THE PROBLEM:
When writing out the entries below, keep only the lines from the line with "Der Aufstieg zur" to the line with "SCCJA LEGALS UNIT 3 EXAM 2025 BRAND", both included, exactly as they are, and leave the pictures aside.

Items from a data source:
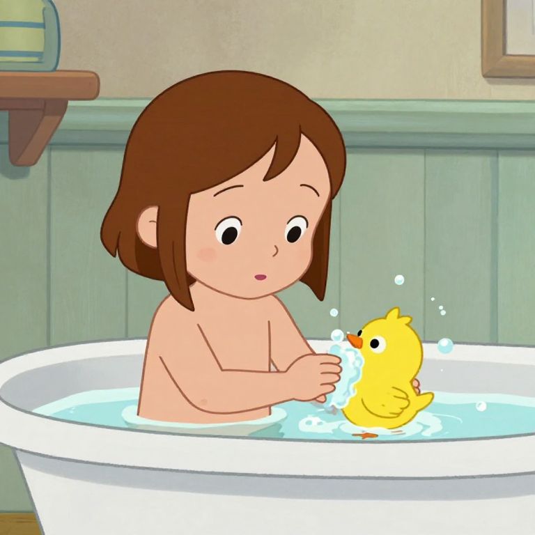 This digital drawing features a young, fair-skinned, brown-haired child with large, round eyes, sitting in a white bathtub filled with clear water. The child is naked, with only their upper body visible above the water. They are holding a bright yellow rubber duck with a small orange beak, which has bubbles around it. The background includes light green wainscoting and a beige wall, with a wooden shelf partially visible on the left. The style is reminiscent of classic, colorful children's cartoons, with smooth, bold lines and simple, vibrant colors.
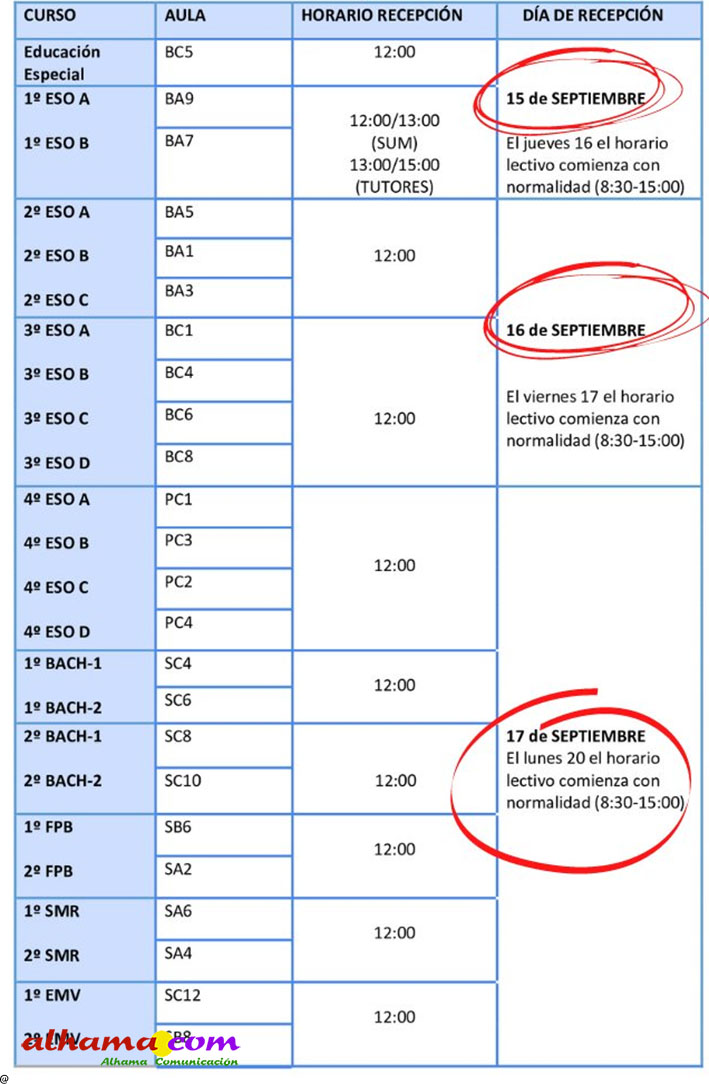 - 15 septiembre 12:00/15:00 h., recepción de: 1º ESO y EE (el 16 comienza clases con normalidad en horario de 8:30 a 15:00)
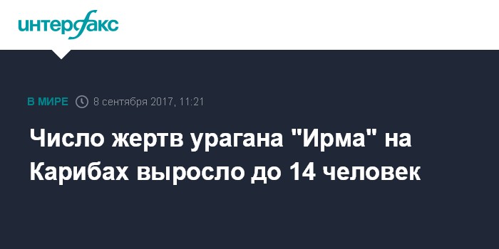 Москва. 8 сентября. INTERFAX.RU - По меньшей мере 14 человек погибли в результате урагана "Ирма", обрушившегося на острова Карибского бассейна, передает в пятницу телеканал Sky News.
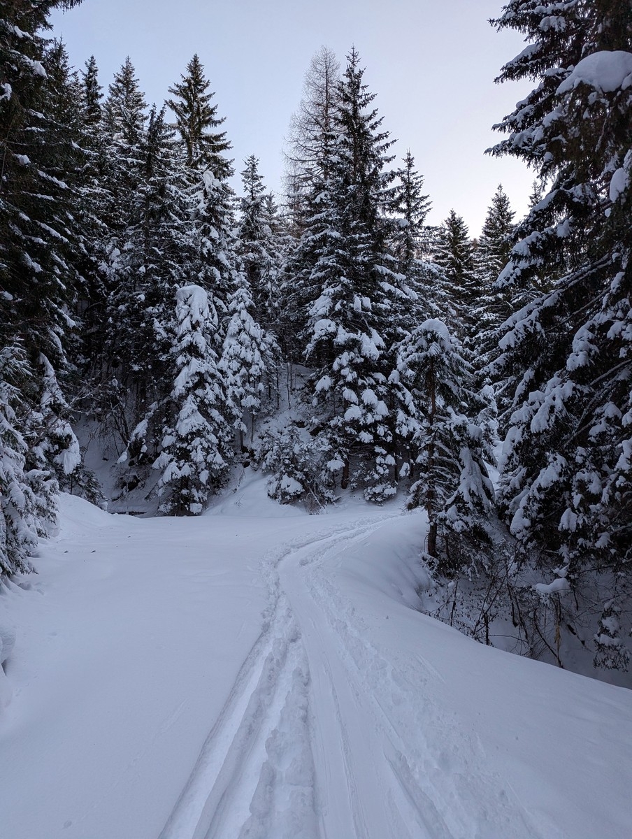 Der Aufstieg zur Hütte ist nicht nur ein sportliches Vergnügen, sondern führt durch idyllische Wälder und offenes Gelände, das in den Wintermonaten ein wahres Postkartenmotiv bietet. Und wer Lust auf Abenteuer hat, findet bei der Abfahrt zahlreiche Varianten, die den Puls in die Höhe treiben.
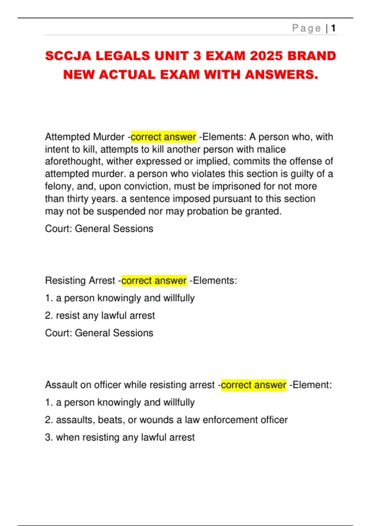 SCCJA LEGALS UNIT 3 EXAM 2025 BRAND
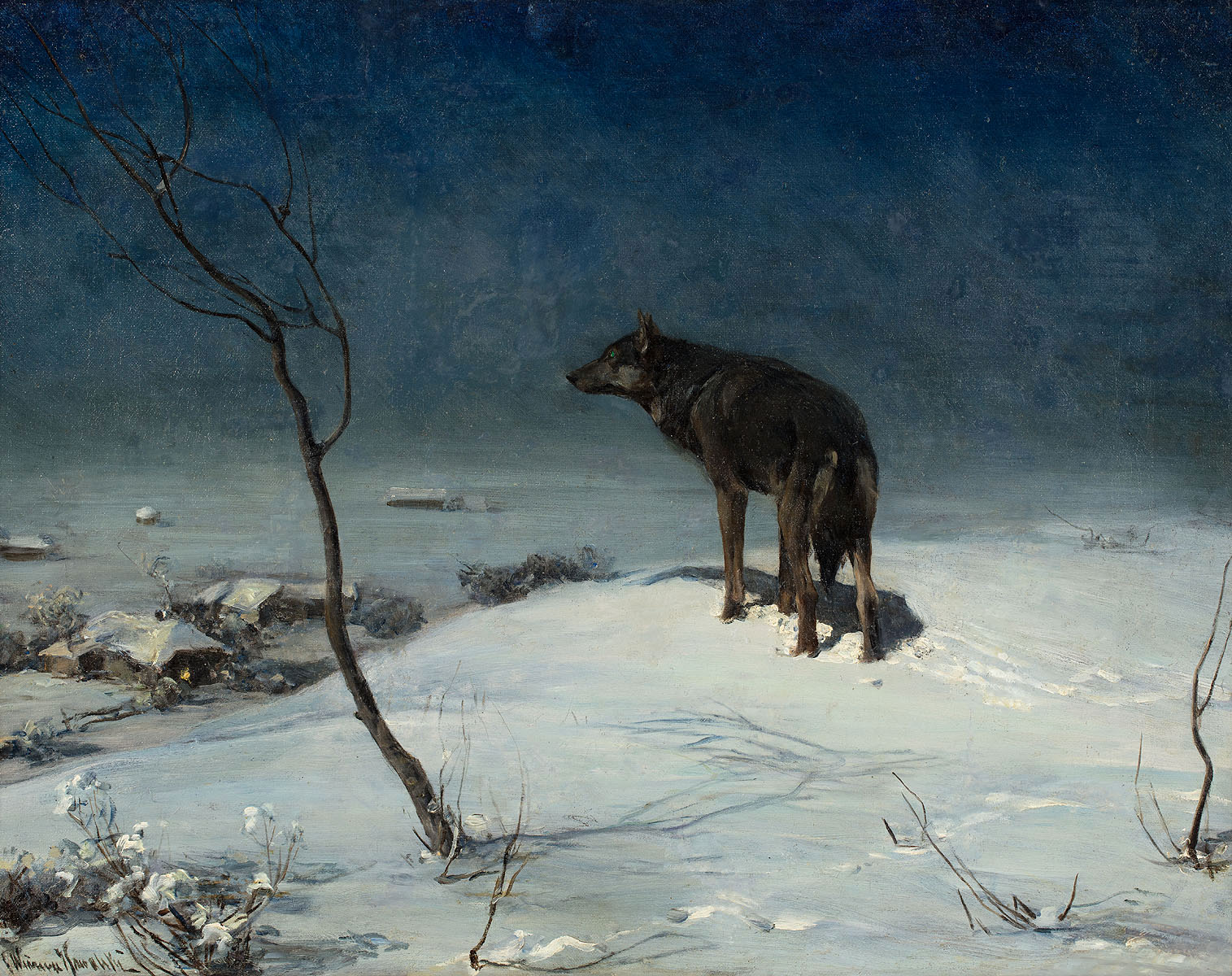 Prezentowany obraz ukazuje nocny pejzaż z samotnym wilkiem, stojącym na ośnieżonym wzniesieniu, poniżej którego rozciągają się zabudowania wiejskie. Scena utrzymana jest w chłodnej tonacji bieli, błękitów i szarości, a jej cisza i napięcie oddają mistrzowską zdolność Wierusza do budowania atmosfery – jednocześnie realistycznej i symbolicznej. W takich kompozycjach szczególnie wyraźnie ujawnia się jego credo malarskie: „Od natury bierz wszystko na każdy raz. Postrzegaj i notuj każdy ruch, każdy kształt, choćby moment trwający…” (J. Puciata-Pawłowska, Dzieje Miejskiej Szkoły Sztuk Zdobniczych i Malarstwa w Warszawie, 1939–1940, s. 31).
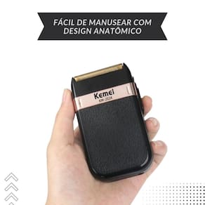 Conheça o incrível barbeador Kemei Km-2024 e desfrute de um produto desenvolvido para profissionais. Com ele você consegue resultados mais rápidos e precisos além do conforto no manuseio. Se você sente incômodo ao se barbear com Gillete ou Navalha o Kemei KM-2024, é o barbeador elétrico perfeito, pois corta os pelos diretamente na raiz deixando a pele lisa, sem causar irritação ou cortes, e também pode ser para depilar partes do corpo e cabeça. Além de você poder levar para qualquer lugar por ser pequeno, também possui uma entrada USB, para facilitar o carregamento. Sua incrível bateria de lítio faz com que carregue por completo em 8 horas e tenha uma autonomia de aproximadamente 60 minutos de uso contínuo. Especificações Técnicas Marca: Kemei Modelo: KM-2024 LED de carregamento luz lembrete Lâmina de aço de carbono Tempo de Recarga: 8 Horas Tempo de Uso: 60 Minutos Potência Motor: 3W Tensão: 110/220v Tipo: Bateria Recarregável Itens Inclusos 1 Barbeador KM-2024 1 Cabo USB 1 Escovinha de Limpeza 1 Bolsa 1 Tampa Protetiva para o Barbeador ================================ Dúvidas Frequentes - É Bivolt e Sem Fio Sim Suporta 110 e 220 volts, e também pode ser Utilizado sem fio. Mas se quiser utilizar carregando também é possível. - O produto é resistente Trabalhamos apenas com produtos com material de altíssima qualidade, durabilidade e procedência. - Serve para barbas grandes O recomendado é que utilize o aparelho somente em pelos menores, ou para finalizar o formato que deseja, mas nunca aparar barbas maiores.

WRITTEN RESPONSE:
 Der Aufstieg zur Hütte ist nicht nur ein sportliches Vergnügen, sondern führt durch idyllische Wälder und offenes Gelände, das in den Wintermonaten ein wahres Postkartenmotiv bietet. Und wer Lust auf Abenteuer hat, findet bei der Abfahrt zahlreiche Varianten, die den Puls in die Höhe treiben.
 SCCJA LEGALS UNIT 3 EXAM 2025 BRAND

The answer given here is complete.